KR100462837B1 - A vacuum cleaner - Google Patents

Abstract

Provided is a cyclone canister type vacuum cleaner that can easily clean the dust box.

The cyclone type dust box 2 is installed in the cleaning main body 1, and an outer filter part is formed in the dust box 2 to form a first cyclone space between the dust box 2 and the inner wall. In the outer filter part, the inner filter part which forms a 2nd cyclone space with the inner wall of the said outer filter part is provided, and the said outer filter part is provided with the shading part extended toward the said dust box inner wall is provided with the vacuum cleaner. .

Description

Electric vacuum cleaner {A VACUUM CLEANER}

The present invention relates to a vacuum cleaner. More specifically, the present invention relates to an electric vacuum cleaner having a cyclone dust box.

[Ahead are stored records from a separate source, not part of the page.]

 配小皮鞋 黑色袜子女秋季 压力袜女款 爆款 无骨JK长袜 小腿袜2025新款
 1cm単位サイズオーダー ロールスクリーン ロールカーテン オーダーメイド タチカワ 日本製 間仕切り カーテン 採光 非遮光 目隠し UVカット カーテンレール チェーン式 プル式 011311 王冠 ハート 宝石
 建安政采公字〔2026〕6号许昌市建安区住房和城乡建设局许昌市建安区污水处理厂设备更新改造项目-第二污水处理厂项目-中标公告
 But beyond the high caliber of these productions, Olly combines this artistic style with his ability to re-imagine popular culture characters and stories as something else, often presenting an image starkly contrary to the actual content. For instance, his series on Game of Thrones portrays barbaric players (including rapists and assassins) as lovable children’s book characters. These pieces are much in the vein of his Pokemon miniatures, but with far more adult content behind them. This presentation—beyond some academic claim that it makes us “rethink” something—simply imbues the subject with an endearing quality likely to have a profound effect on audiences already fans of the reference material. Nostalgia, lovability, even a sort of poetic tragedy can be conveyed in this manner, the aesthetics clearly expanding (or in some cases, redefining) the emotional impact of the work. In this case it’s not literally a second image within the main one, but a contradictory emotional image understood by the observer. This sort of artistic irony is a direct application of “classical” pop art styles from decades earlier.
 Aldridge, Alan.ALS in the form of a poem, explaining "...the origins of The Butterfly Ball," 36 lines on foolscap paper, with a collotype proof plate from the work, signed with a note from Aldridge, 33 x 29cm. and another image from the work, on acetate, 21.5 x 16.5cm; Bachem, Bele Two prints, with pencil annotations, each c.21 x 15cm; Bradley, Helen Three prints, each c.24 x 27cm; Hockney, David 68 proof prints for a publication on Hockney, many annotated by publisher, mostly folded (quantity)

Conventional vacuum cleaners, especially upright vacuum cleaners, are freely mounted on the suction path of the cleaning main body without using a disposable dust collecting paper pack, and have a vortex-shaped flow of air (so-called cyclone) inside. It is known to use a cyclone-type dust collector which is provided with a cylindrical filter in a dust collecting case for generating a dust, and is capable of accumulating the dust filtered by the filter in the dust collecting case. This dust collector is economical since it can be used semipermanently by the maintenance of a filter compared with a disposable carton.

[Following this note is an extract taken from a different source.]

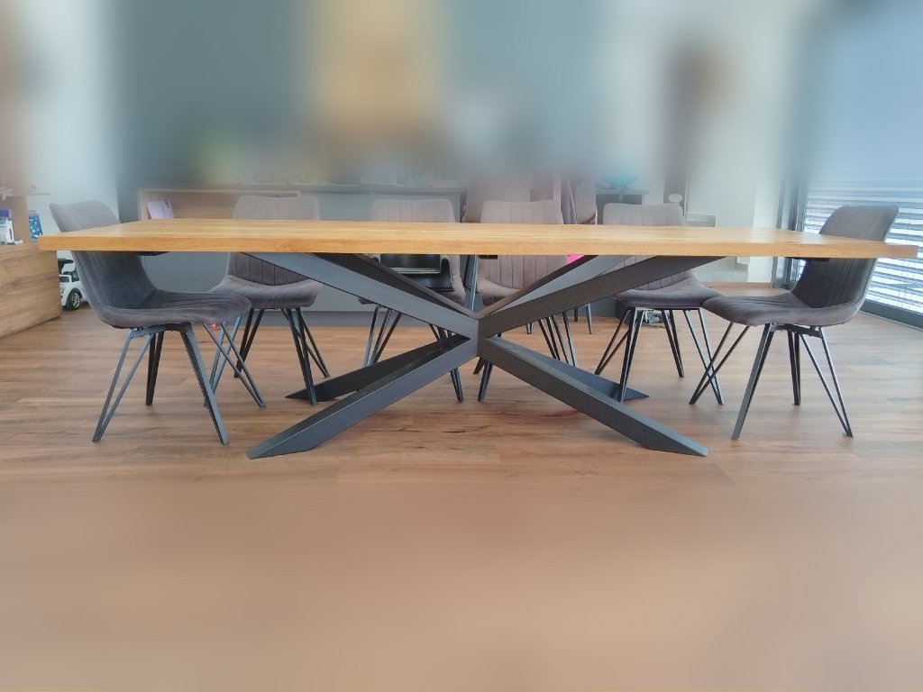Jídelní stůl EKS představuje kombinaci kvalitního masivního dřeva a moderního designu. Ikonický a jedinečný design podnože jistě všechny zaujme. Je ručně vyrobený čímž představuje jedinečnost a originalitu. Jeho masivní dřevěná deska je silná a odolná, zatímco nohy z oceli zajišťují stabilitu a robustnost. Stůl je vhodný pro rodinné i přátelské sezení u jídla. Nabízí stylový a elegantní vzhled, který bude ozdobou každé jídelny nebo obývacího pokoje.
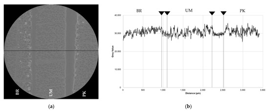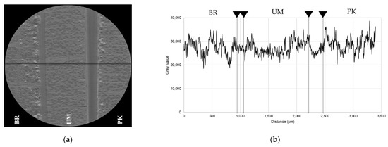 Figure 10 shows a 2D image of wood with brown (BR), ultramarine (UM), and pink (PK) coatings. From this figure, the coatings are visible and can be distinguished based on the grey value on the plot profile.

As a cyclone type vacuum cleaner, the vacuum cleaner provided with the dust separation apparatus (Japanese Unexamined-Japanese-Patent No. 10-511880 etc.) which concerns on the invention of Daison is known. For example, the cyclone type vacuum cleaner shown in FIG. 10 generates a double cyclone by providing the inner cyclone case 52 inside the dust box 51. The lower part of the inner cyclone case 52 is hermetically closed with respect to the first cyclone space 54 of the dust box 51 by the cyclone tube 53. The upper part of the inner cyclone case 52 communicates with the 1st cyclone space 54 of the dust box 51 through the air permeable shroud 60.

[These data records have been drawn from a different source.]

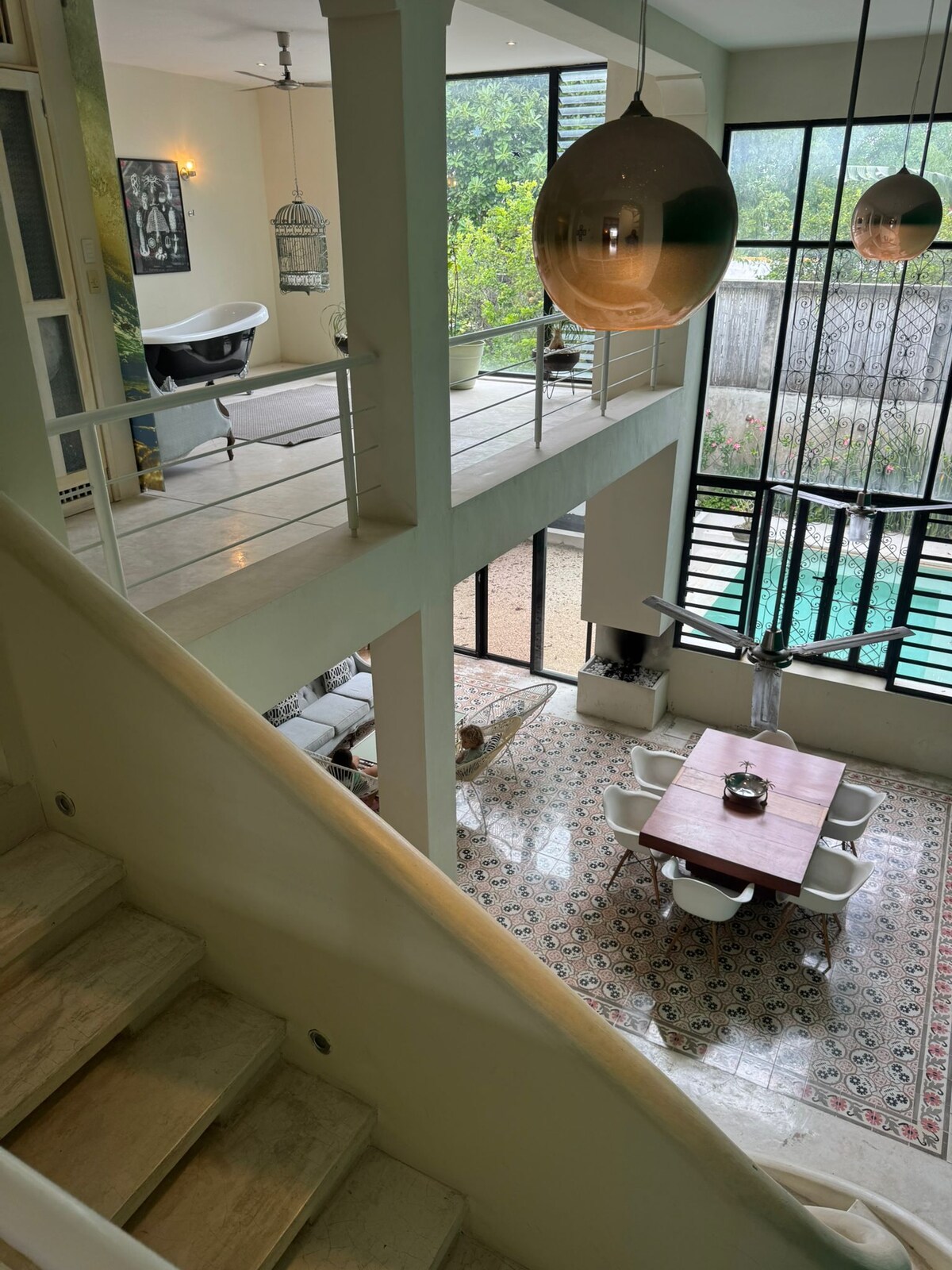 This Casa Vagantes in the La Ermita neighborhood has architecture that dates back to 1800, high ceilings and masonry walls that in the design we imagine as scars of the passage of time in this small but fascinating alley. With the idea of creating a loft, we integrated an entire room into a space that is perfect for a couple who wants to experience Mérida in an iconic neighborhood as an unforgettable experience. Casa Vagantes Ermita promises a stay of comfort and style.
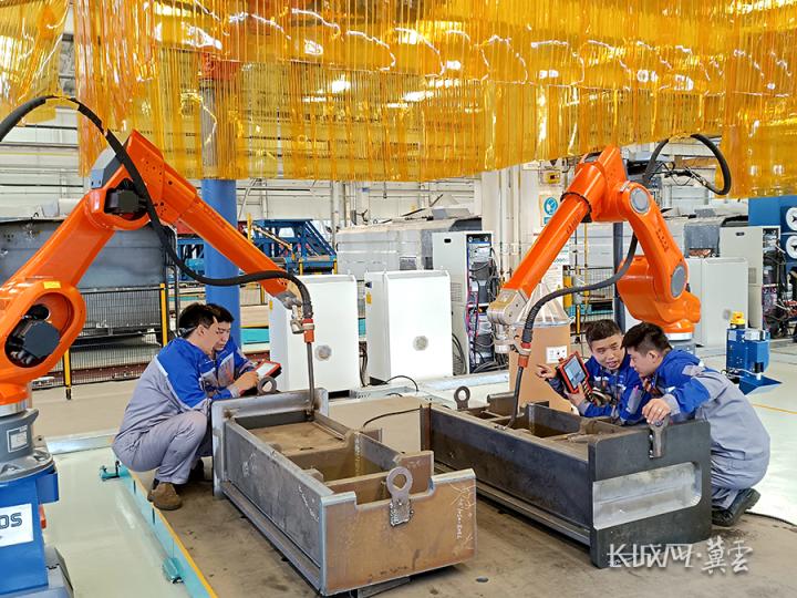 焊接机器人团队进行业务研讨。石煤机公司供图
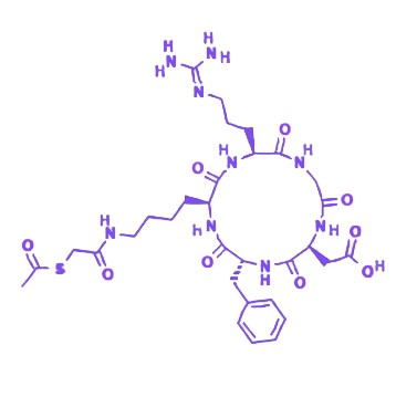 PLA-PEG-cRGDfk是一种具有三嵌段结构的靶向纳米材料,由聚乳酸(PLA)、聚乙二醇(PEG)和cRGDfk环肽组成,具备生物可降解性、生物相容性及靶向递送功能,可用于包载并缓释小分子药物、核酸类物质等生物活性成分。 聚乳酸(PLA)作为疏水性高分子链段,构成材料的核心结构,其源自可再生资源,具有优异的生物可降解性与生物相容性。该链段通过稳定包载机制实现对小分子药物、核酸类物质及其他生物活性成分的高效负载,并依托自身逐步水解特性,确保所载物质在生物体内的缓慢、持续释放,为长效治疗提供保障。 聚乙二醇(PEG)链段具有极强的亲水性,显著提升材料整体的水溶性和生物相容性。其作用类似于“隐形外衣”,能够有效降低免疫系统对纳米材料的识别与清除效率,延长材料在体内的循环时间,为药物的精准递送创造有利条件。 cRGDfk环肽作为靶向功能单元,可特异性地与整合素αvβ3受体产生高亲和力结合,发挥“导航仪”作用,使纳米材料能够定向富集于高表达整合素αvβ3的病变组织,从而提高药物递送的靶向性和治疗效果。

Due to the negative pressure generated by a blower (not shown) connected to the exhaust port 58 of the upper end of the inner cyclone case 52, air containing dust is discharged from the outside through the dust box (the intake pipe 55). 51) It is introduced into the first cyclone space 54 inside, pivots inside the first cyclone space 54, and large dust falls and is deposited on the cyclone tube 53. The cyclone tube 53 is introduced into the second cyclone space 56 inside the inner cyclone case 52 through the shroud 60, and turns inside the second cyclone space 56, and a little larger dust falls. It accumulates in the space part 57 below. Air from which dust was removed is exhausted from the exhaust port 58 of the upper end of the inner cyclone case 52.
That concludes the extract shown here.